Monitoring online media reports for the early detection of unknown
diseases: insights from a retrospective study of COVID-19 emergence
Abstract
Event-based surveillance (EBS) systems monitor a broad range of
information sources to detect early signals of disease emergence,
including new and unknown diseases. Following the emergence of a newly
identified coronavirus –so-called COVID-19, in humans in December 2019
in Wuhan, China, we conducted a retrospective analysis of the capacity
of three Event-Based Systems (EBS) systems (ProMED, HealthMap and
PADI-web) to detect early signals of this emergence.
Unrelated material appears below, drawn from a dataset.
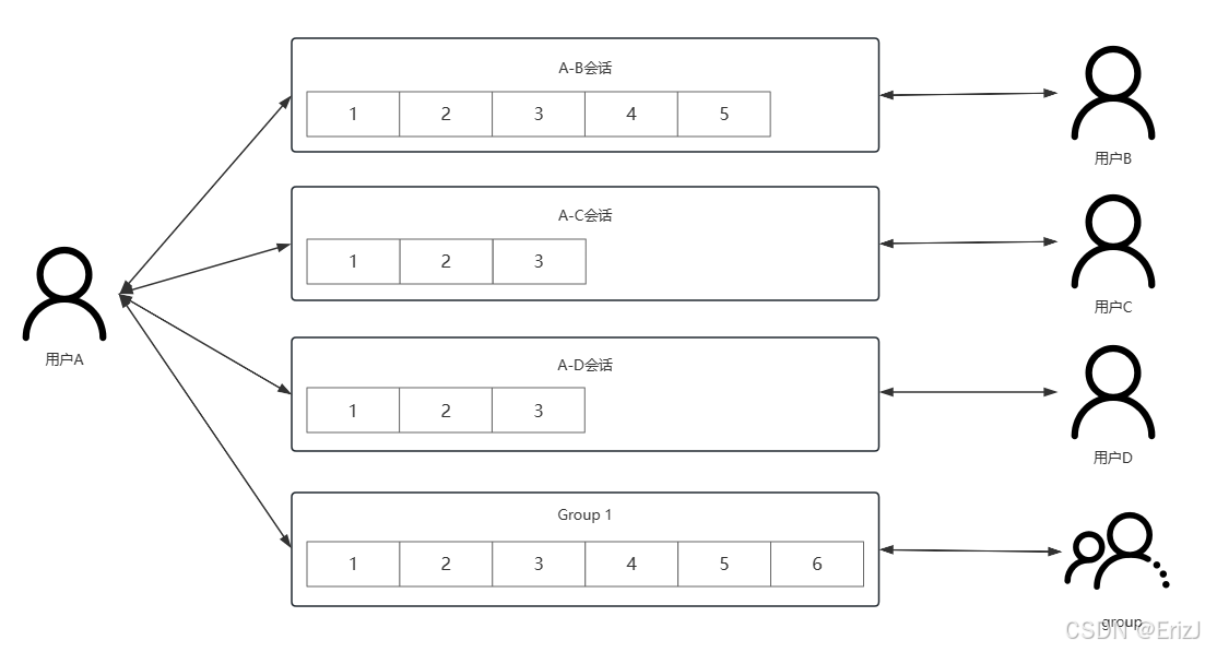 - 历史消息查询高效:可以对 user_id, group_id, timestamp 建索引,实现分页拉取历史消息。

We evaluated the
changes in the online news vocabulary coinciding with the period before
/ after the identification of COVID-19, as well as the assessment of its
contagiousness and pandemic potential. ProMED was the timeliest EBS,
detecting signals one day before the official notification. At this
early stage, the specific vocabulary was related to “pneumonia
symptoms” and “mystery illness”. Once COVID-19 was identified, the
vocabulary changed to virus family and specific COVID-19 acronyms. Our
results suggest the three EBS systems are complementary regarding data
sources, and all need improvements regarding timeliness. EBS methods
should be adapted to the different stages of disease emergence to
improve the early detection of future emergence of unknown pathogens.